Il setting della matrice di SD comprende un collettivo di persone – da 10 a 50 e anche oltre – che si riuniscono in una sala dove le sedie sono disposte o a spirale oppure in piccoli aggregati (cluster) a formare una sorta di stella o di “fiocco di neve”, assetti che mirano a minimizzare l’effetto delle dinamiche gruppali.

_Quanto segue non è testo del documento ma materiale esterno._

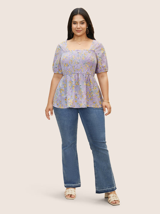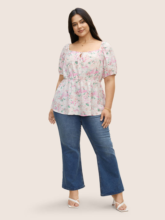Square Neck Floral Puff Sleeve Tie Knot Blouse
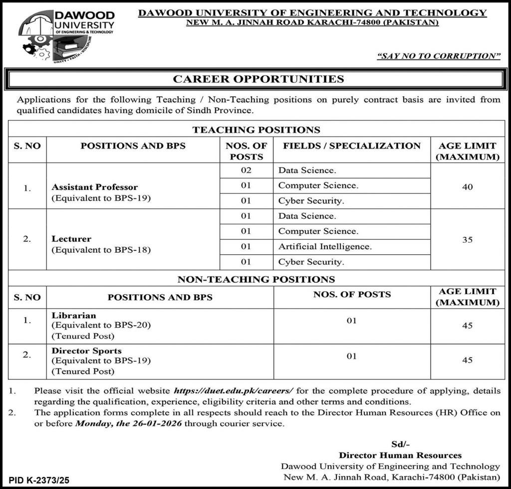Dawood University Of Engineering & Technology DUET Jobs 2026 announce the Contract career opportunities for the post of See Below Ad in Sindh, Karachi for the fresh and experienced candidates on Contract basis who have Check Advertisement degree. Posted date of this post is 13/01/2026 and the last date is 26/01/2026. if you are eligible for this job apply before due date.
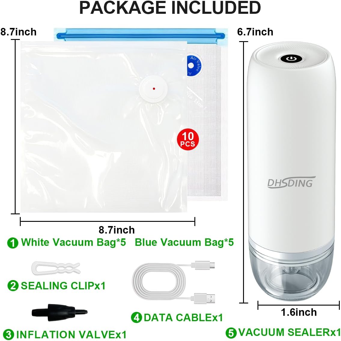 Vacuum Sealer – Handheld Vacuum Sealer Machine for Food, Portable Food Storage with 10 Seal Bags, Sous Vide Friendly
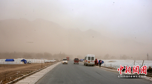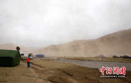 地震發(fā)生后,玉樹惡劣天氣頻頻出現(xiàn),幾乎天天都要出現(xiàn)沙塵暴。記者來(lái)到災(zāi)區(qū)后,第一感覺(jué)就是這里風(fēng)沙大,一天要刮幾次大風(fēng)。風(fēng)沙吹在的人眼睛都睜不開,災(zāi)民安置區(qū)內(nèi)天昏地暗,居住的帳篷內(nèi)床上,吃飯的碗,臉盆里,電腦上都是灰塵。
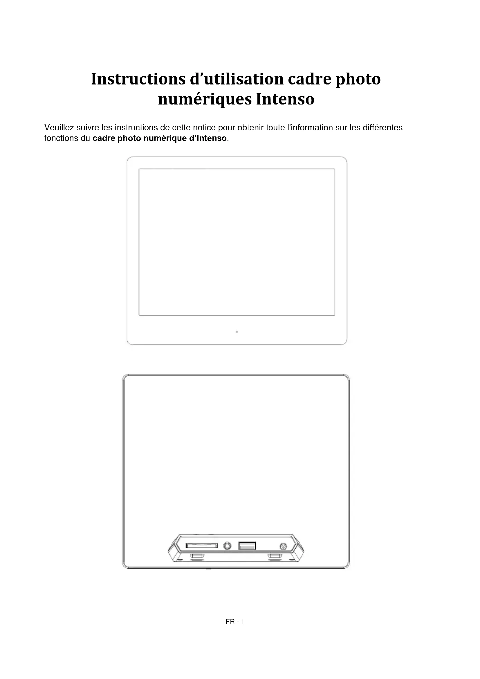 Nous espérons que l’Intenso cadre photo numérique vous fait plaisir!FR - 9 Soin et Entretien Soin Pour éviter des décharges électriques n’enlevez ni les vis ni le boîtier. N’utilisez pas cet appareil à proximité de l’eau. N’exposez pas l’appareil à la pluie ou à l’humidité. Ne posez pas des objets contenant de l’eau ou d’autres liquides à côté de l’appareil. N’installez pas ce cadre photo numérique à proximité de chauffages, de poêles ou d’autres appareils émettant de la chaleur. N’ouvrez pas le boîtier. N’essayez pas de réparer l’appareil. Il doit être réparé par des spécialistes. N’utilisez pas l’appareil à des endroits sablonneux. Mettez le connecteur adapteur du bloc d’alimentation complètement dans l’orifice du CPN. Ainsi, vous évitez des chargements électrostatiques. Connecter tous les raccordements correctement et sûrement. N’appuyez pas sur l’écran. Protégez l’écran d’une pénétration du soleil trop forte. Le cadre photo numérique ne peut lire que des formats compatibles. Des images peuvent être soumises au copyright. L’affi chage sans licence peut désobéir aux droits copyright. Ne touchez pas le CPN avec des objets métalliques pendant le fonctionnement. Evitez l’utilisation sur des coussins, des canapés d’autres objets qui soutiennent une thermogénie, car l’appareil risque d’être surchauffé. N’enlevez pas de cartes de mémoire pendant la lecture. Sinon, il peut y avoir des bocages de système ou des pertes de données. Ne mettez pas l’appareil hors marche pendant un diaporama. N’emballez pas l’appareil directement après une utilisation de longue durée. Assurez un refroidissment suffissant. Sinon, l’appareil risque d’être surchauffé. Pour garantir un meilleur service, il peut y avoir des changements dans le mode d’emploi.
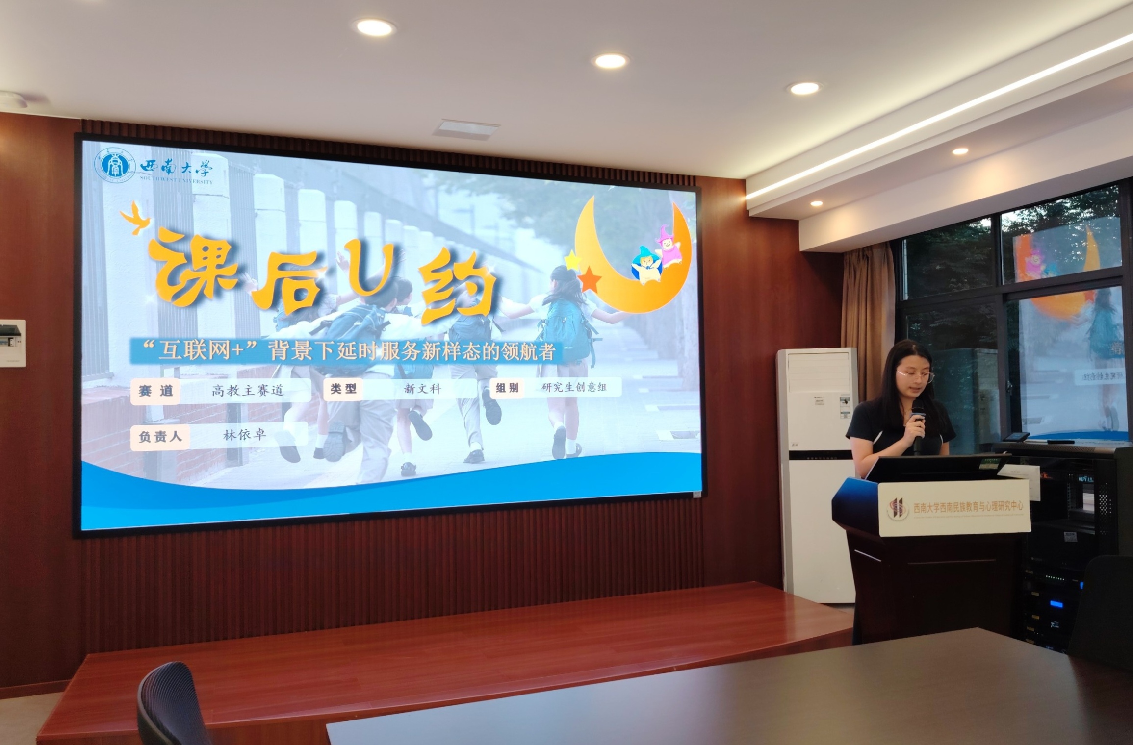 本次选拔赛共有5个参赛团队,各团队主讲人依次就项目背景、模式、理念、特点及发展前景进行项目展示,随后评委针对各项目进行专业点评并提出改进建议。经评审,“彩‘绘’童年——中国汉藏语系儿童识字绘本研发”和“凯梦升学少数民族学子生涯规划智能服务平台”等两个项目获得一等奖;“课后U约——‘互联网+’背景下延时服务新样态的领航者”等三个项目获得二等奖。
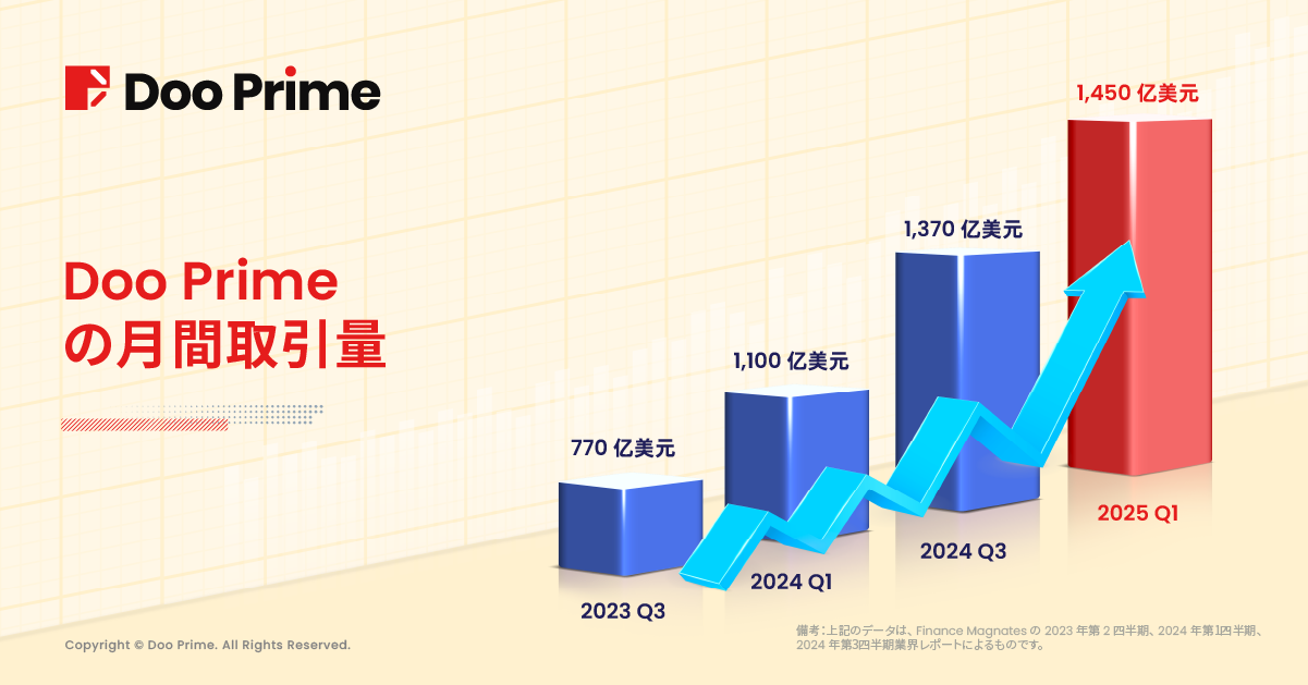 さらに、Doo Primeの月平均取引高は2025年第1四半期に1450億ドルに達し、2024年第3四半期の1370億ドルから約5.8%の成長を見せました。これらのデータは、世界的に資本流動が活発になる中で、Doo Primeが優れたグローバル取引サービスを提供し、世界中のトレーダーからの信頼を得ていることを示しています。この結果、 Doo Prime というブランドの国際的な影響力が急速に拡大しています。

Con loro sono presenti uno o più conduttori il cui ruolo è quello di fornire associazioni e pensieri, senza saltare alle conclusioni o affrettarsi a dare interpretazioni, e di promuovere nei partecipanti il pensiero sistemico, ossia una riflessione che colleghi costantemente l’esperienza dell’individuo con l’insieme o il sistema a cui questi appartiene.

Le procedure di lavoro nella matrice sono piuttosto semplici: una persona del gruppo porta un sogno e le proprie eventuali associazioni; gli altri partecipanti possono connettersi al sogno o costruire su di esso in diversi modi:

  • portando delle libere associazioni;
  • riferendo altri sogni;
  • essendo disponibili a pensare e a comunicare i propri pensieri.

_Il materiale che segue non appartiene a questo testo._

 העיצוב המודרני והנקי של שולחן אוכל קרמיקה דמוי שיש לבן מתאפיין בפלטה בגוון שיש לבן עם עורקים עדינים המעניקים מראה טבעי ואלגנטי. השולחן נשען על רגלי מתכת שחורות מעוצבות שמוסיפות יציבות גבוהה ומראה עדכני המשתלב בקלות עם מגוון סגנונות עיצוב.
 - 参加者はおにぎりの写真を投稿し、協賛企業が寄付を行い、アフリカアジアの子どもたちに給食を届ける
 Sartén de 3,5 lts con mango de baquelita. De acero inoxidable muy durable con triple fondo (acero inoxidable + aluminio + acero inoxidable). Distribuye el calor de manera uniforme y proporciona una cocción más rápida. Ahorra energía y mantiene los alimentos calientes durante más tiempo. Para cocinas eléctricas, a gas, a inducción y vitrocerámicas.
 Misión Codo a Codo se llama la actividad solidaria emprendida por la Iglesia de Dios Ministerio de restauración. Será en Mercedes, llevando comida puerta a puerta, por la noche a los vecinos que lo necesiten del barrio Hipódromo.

È importante osservare come per partecipare alla matrice non sia indispensabile portare dei sogni, al limite nemmeno dei contributi espliciti (si può benissimo restare a pensare per conto proprio), e anzi sebbene sia consigliabile, non è neppure richiesto l’impegno ad essere sempre presenti, nuovi arrivati possono aggiungersi in qualsiasi momento e i partecipanti possono andarsene prima della fine.

Le matrici di SD sono sessioni della durata di un’ora e mezza, che possono essere isolate o ripetersi con varia cadenza e periodicità. Ad esse fanno seguito o si alternano altri tipi di eventi:

  • il dialogo (thinking group),cioè il luogo dove i membri del gruppo osservano i pattern che connettono i sogni e i pensieri emersi nella Matrice, ponendo delle domande, aggiungendo pensieri e argomenti che producono delle amplificazioni tematiche, tentando delle costruzioni di significato, più nel senso aperto ed insaturo delle “ipotesi di lavoro” piuttosto che in quello chiuso e saturato dell’“interpretazione”. Anche il conduttore offre riflessioni e ipotesi di lavoro su temi rilevanti per il gruppo.
  • la sessione di consulenza reciproca;
  • la sessione di analisi di ruolo (o di sintesi creativa di ruolo) utilizza i sogni emersi nella Matrice o nella vita esterna per identificare gli enigmi e le sfide che tutti i partecipanti incontrano nella loro vita e che si collocano a ridosso dell’esercizio del loro ruolo nei sistemi organizzativi.
  • l’evento sistemico, che ha il compito di creare un sistema – un’organizzazione transitoria – finalizzato a sviluppare l’apprendimento dall’esperienza, dove i partecipanti sono liberi di pensare e di organizzarsi come vogliono per realizzare le finalità dell’evento ed i conduttori operano nel ruolo di consulenti.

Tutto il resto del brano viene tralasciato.